I'm on an electric co-op, so profit isn't on the agenda... they actually send rebates back at the end of the business year.

My original quote, back in the 80's, was 75K, and I clear/obtain ROW through some timber plantations. Didn't happen... I went solar.

In 2000, a rich man built a development half a mile away, and I was able to get a line strung for 1200. Took them six months of waiting for the road to dry up to get their stuff down there... and then, there was an error in the planning... they had to get a boring crew down pronto, which added another 1K. They had over fifty people working on this line for half a day, six trucks, boring crews, etc. Total cost 2200... My electricity is cheap... I doubt if they've made up their construction costs yet... the 2200 was probably a tenth of what they actually spent that day.

I love my non profit co-op.


----------



## TnAndy (Sep 15, 2005)

Based on what I see of power companies, they had 50 people, but I'd bet no more than 5-10 were actually needed.

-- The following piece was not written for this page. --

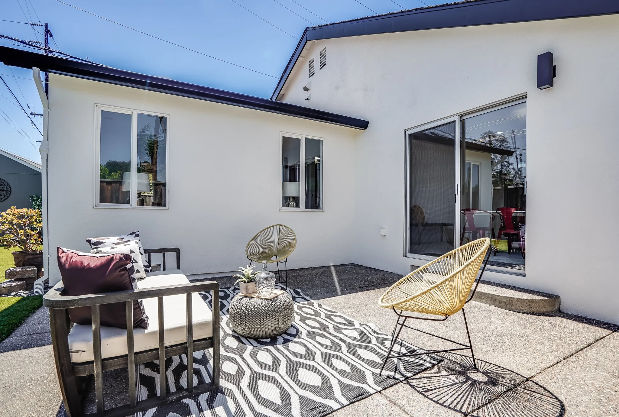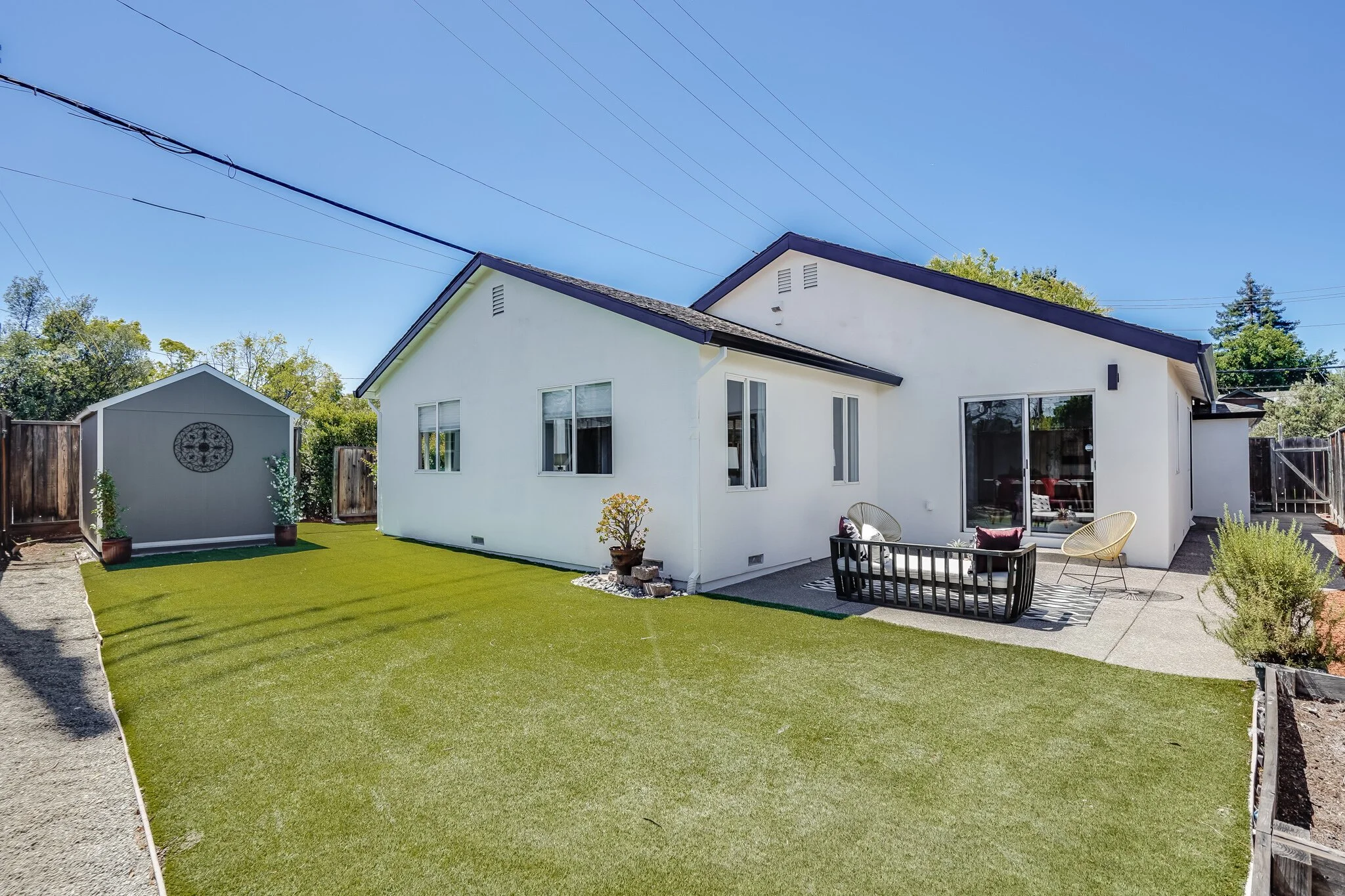 Large yard includes both lawn and concrete space for outdoor entertaining
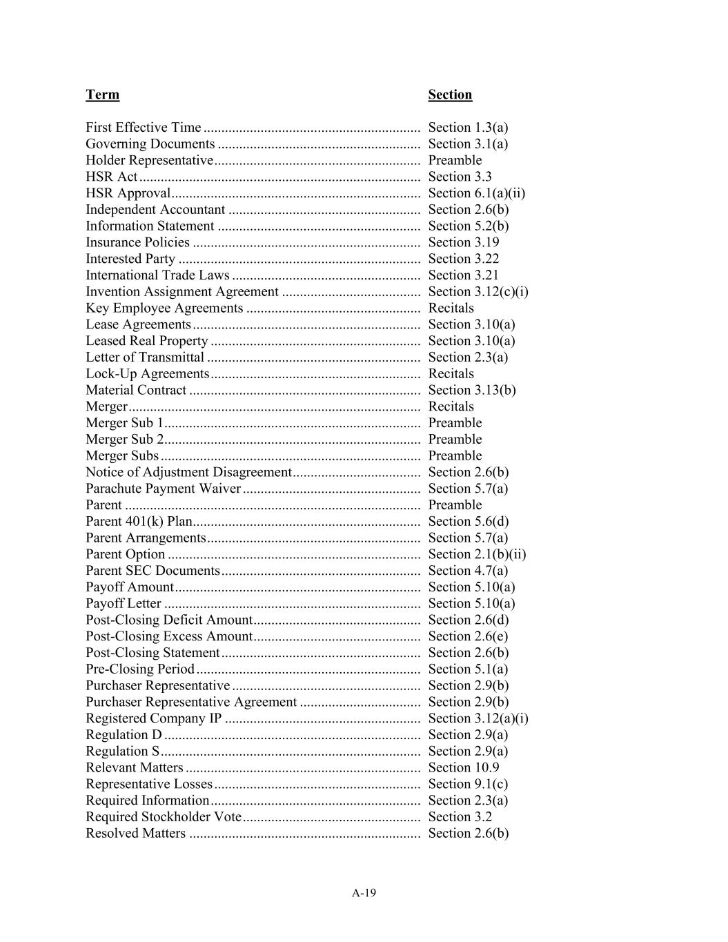 A-19 Term Section First Effective Time ................................................................Section 1.3(a) Governing Documents ................................................................Section 3.1(a) Holder Representative ................................................................Preamble HSR Act ................................................................................................Section 3.3 HSR Approval ................................................................................................Section 6 1(a)(ii) Independent Accountant ................................................................Section 2.6(b) Information Statement ................................................................Section 5.2(b) Insurance Policies ................................................................................................Section 3 19 Interested Party ................................................................................................Section 3 22 International Trade Laws ................................................................Section 3.21 Invention Assignment Agreement ................................................................Section 3 12(c)(i) Key Employee Agreements ................................................................Recitals Lease Agreements ................................................................................................Section 3 10(a) Leased Real Property ................................................................Section 3.10(a) Letter of Transmittal ................................................................Section 2.3(a) Lock-Up Agreements ................................................................Recitals Material Contract ................................................................................................Section 3 13(b) Merger ................................................................................................Recitals Merger Sub 1................................................................................................Preamble Merger Sub 2................................................................................................Preamble Merger Subs ................................................................................................Preamble Notice of Adjustment Disagreement ................................................................Section 2 6(b) Parachute Payment Waiver ................................................................Section 5.7(a) Parent ................................................................................................Preamble Parent 401(k) Plan................................................................................................Section 5 6(d) Parent Arrangements ................................................................Section 5.7(a) Parent Option ................................................................................................Section 2 1(b)(ii) Parent SEC Documents ................................................................Section 4.7(a) Payoff Amount ................................................................................................Section 5 10(a) Payoff Letter ................................................................................................Section 5 10(a) Post-Closing Deficit Amount ................................................................Section 2.6(d) Post-Closing Excess Amount ................................................................Section 2.6(e) Post-Closing Statement ................................................................Section 2.6(b) Pre-Closing Period ................................................................ Section 5.1(a) Purchaser Representative ................................................................Section 2.9(b) Purchaser Representative Agreement ................................................................Section 2 9(b) Registered Company IP ................................................................Section 3.12(a)(i) Regulation D ................................................................................................Section 2 9(a) Regulation S ................................................................................................Section 2 9(a) Relevant Matters ................................................................................................Section 10 9 Representative Losses ................................................................Section 9.1(c) Required Information ................................................................Section 2.3(a) Required Stockholder Vote ................................................................Section 3.2 Resolved Matters ................................................................................................Section 2 6(b)

Last time they set a pole for me, could have been done with 2 guys + one auger truck, easy, and they sent 8 in 3 trucks.


----------



## CountryGoalie (Aug 31, 2004)

Hm. Mmkay, thank you all for the input. I will have to find out what electric comany services my parents' farm, as the property I'm looking at is actually a back piece of their property. They're located on a corner, of a main road and a side road - their house is on the main state route, and then there's a neighbor who has a five-acre chunk on the side road, and the power line extends as far as their house - and my parents' property wraps behind the neighbor and comes to the road again on a back field. We've thrown around the idea of purchasing that back field from my parents and putting a small homestead back there, which was why I wanted to see if I could find out about getting a quote on taking power back that far. We wouldn't be extending the power lines ourselves, certainly - it would be a utility company thing.

Of course, all of that would entail drilling a well back there, extending utility lines, et cetera... so whether or not it'll ever happen... we'll see. 

Thank you you all for the advice.


----------